陆承渊以为自己听错了。
“比煞魔之主更可怕?”
“对。”
阿雅的表情很认真,“长老是这么说的。那个煌天来客走之前,特地叮嘱了一件事——地府入口,不能打开。里面的东西,比外面的煞魔更危险。”
“什么东西?”
“不知道。”
阿雅摇头,“记载里只写了四个字——‘不可名状’。”
陆承渊皱起眉头。
不可名状。
连名字都不能提的东西,得有多可怕?
“那我现在还要进去吗?”
他问。
“要。
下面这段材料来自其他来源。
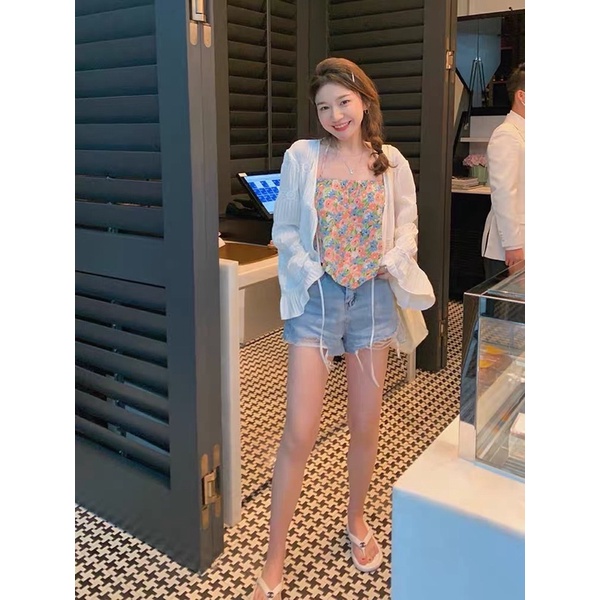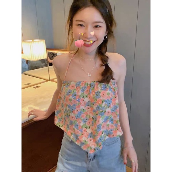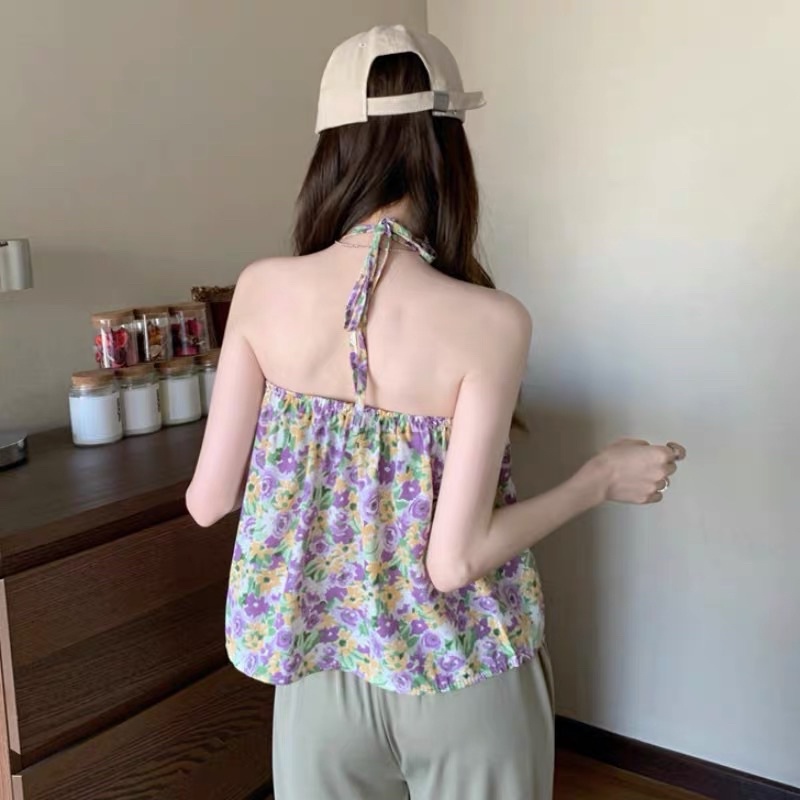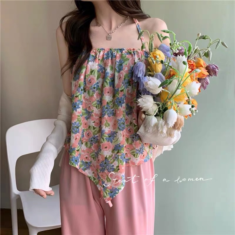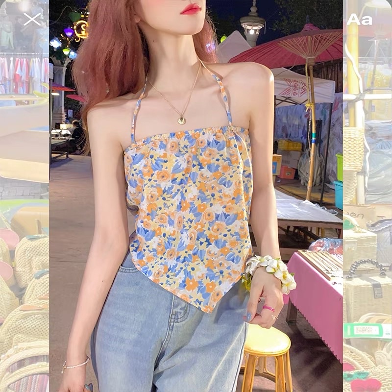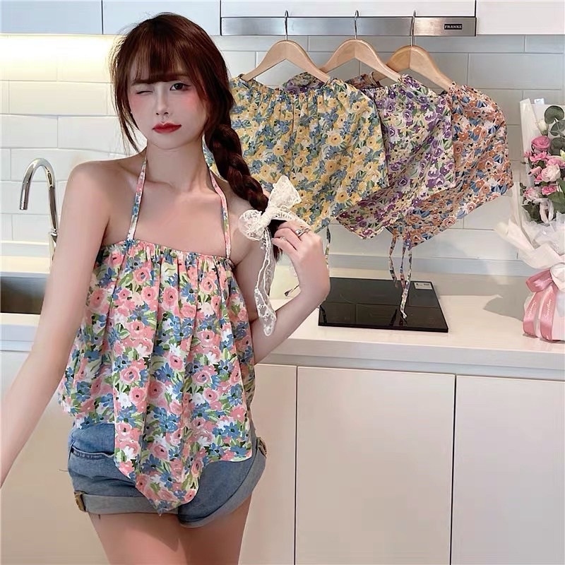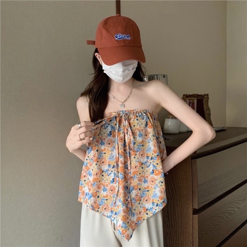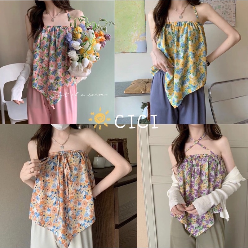 ส่งทันที Cici(NO. 11055)เสื้อเกาะอกผูกคอลายดอก เนื้อผ้าชีฟองใส่สบาย แต่งลายดอก สไตล์สาวเที่ยวคาเฟ่ มุ้งมิ้ง
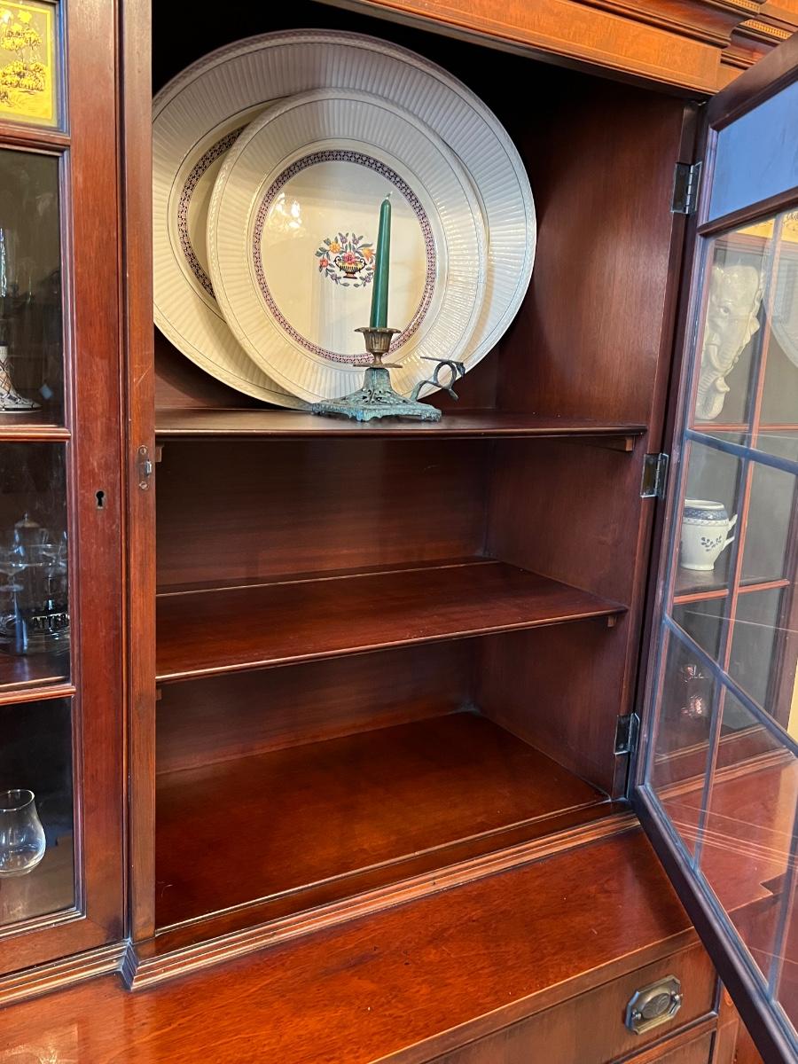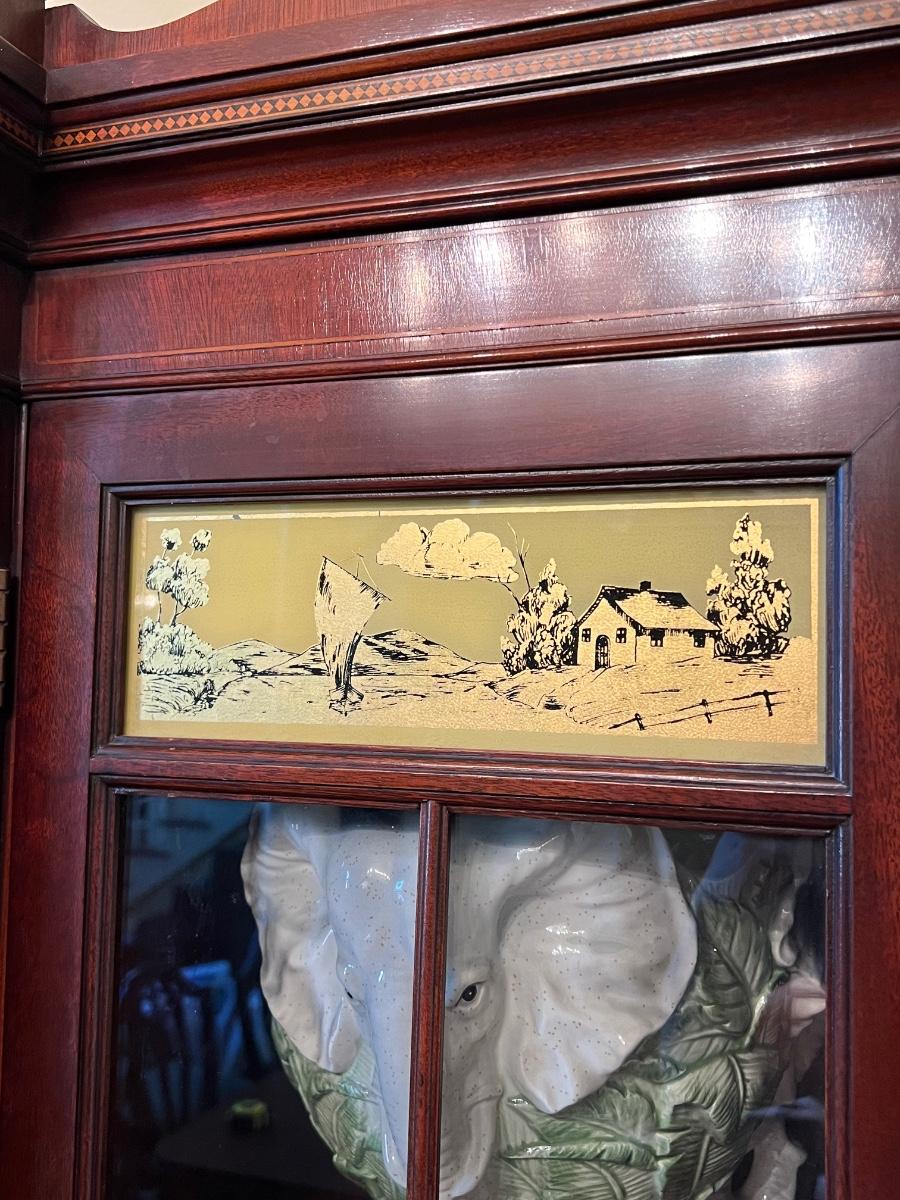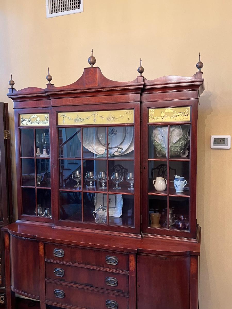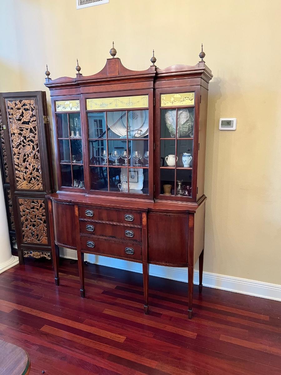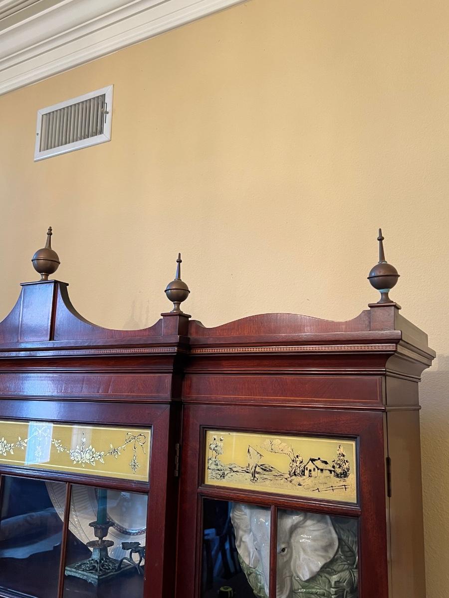 1-piece ~ Has brass finials & gold decorative glass panels ~ Shelving is not adjustable or removable ~ Items in cabinet & room divider are sold separately ~ No brand ~ 82” H x 53” W x 20” D
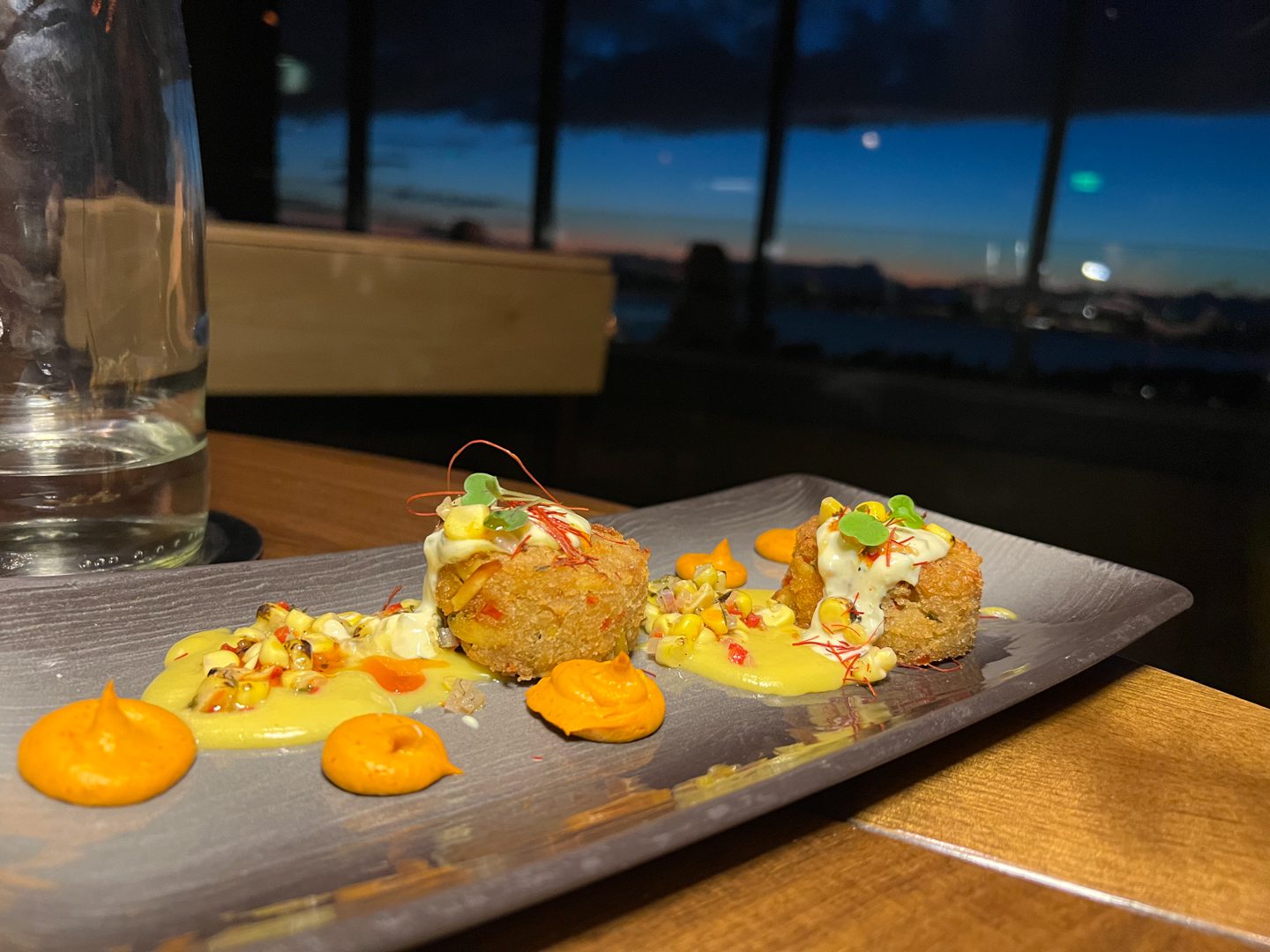Now, let’s talk about the food. If you’re looking for a vegan twist on traditional crab cakes, the jackfruit “krab” cakes are the way to go. Made with young green jackfruit, these cakes have a meaty texture that mimics crab meat and are paired with a creamy corn pudding, spicy carrot romesco, tangy meyer lemon tofu tarutaru sauce, and fresh fresno chile corn relish.

”
阿雅说,“但不是进去,是在外面。长老说,你要找的东西,不在里面,在外面。”
“外面?”
“地府入口的外面。”
阿雅站起来,拍了拍身上的土,“跟我来。”
她带着陆承渊往山谷更深处走。
穿过竹林,越过一条小溪,爬上一道陡坡。坡顶是一片平地,寸草不生,跟周围郁郁葱葱的竹林格格不入。
平地的中央,有一个洞。
不大,也就一丈宽。洞口是圆的,边缘整整齐齐,像是被人用刀切出来的。
洞里黑漆漆的,什么都看不见。
但陆承渊能感觉到。
一股很冷的风从洞里吹出来,带着一股说不清的味道。不是腐烂,不是血腥,是一种……空。
什么都没有的那种空。
像是把全世界的黑暗都塞进了这个洞里。
“这就是地府入口?”
陆承渊问。
“对。”
阿雅站在洞口旁边,脸色有些白,“小时候我来过这里一次。在洞口站了一炷香的功夫,回去病了三个月。”
陆承渊往前走了几步,站在洞口边缘。
往下一看,什么都没有。
纯粹的黑暗。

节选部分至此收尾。